Using Repti Cal to dust flys feed every other day 
Feed once a day 
But they don't not eat all the food and only go after a couple flys then loose interest 
They love larva now and eat that more regularly 
The seller was only feeding them 3 times a week !:/
They've gained some weight now and seem to be a lot more active 
But still keeping careful eyes on them
I have a standard zoomed thermometer and hydrometer planning on getting digital ones soon


----------



## Tzunu'un (Apr 15, 2014)

For dusting:

Reptical doesn't have preformed vitamin A in a usable form for frogs.

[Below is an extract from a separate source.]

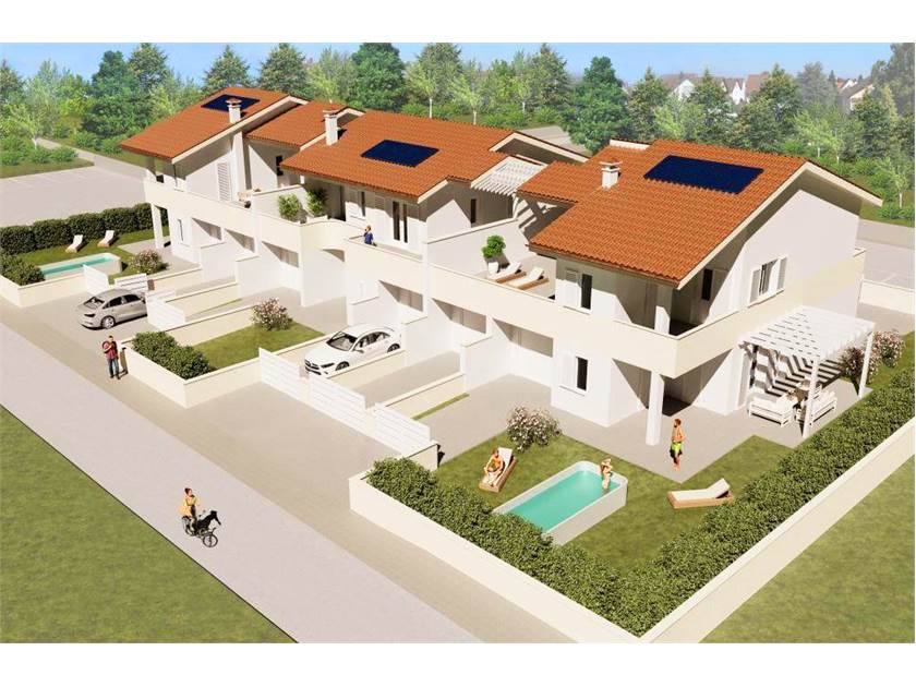 Gli appartamenti saranno dotati di ventilconvettori Inverter (caldo-freddo) alimentati da pompa di calore elettrica da 6 Kw coadiuvata da pannelli fotovoltaici, copertura del tetto microventilata e ventilazione meccanica controllata che uniti ad infissi con doppio vetro-camera basso emissivo attribuiscono all'immobile la classe energetica più elevata (A4).

You should switch to a calcium product that does contain preformed vitamin A, such as Repashy Calcium Plus or Dendrocare.

Additionally, once or twice a month you should alternatively dust with Repashy Vitamin A Plus to make sure your frogs are getting adequate vitamin A.


Alternatively (although less recommended):
If you stick with using the Reptical, then definitely your frogs are not getting enough Vitamin A using it alone. You need to get the Repashy Vitamin A into your dusting schedule.


As Ed mentioned above, Vitamin A deficiency can lead to some of these problems.


----------



## epiphytes etc. (Nov 22, 2010)

^^^ also, those thermometers and hygrometers are notoriously inaccurate, so you really have no idea of the temp and humidity. 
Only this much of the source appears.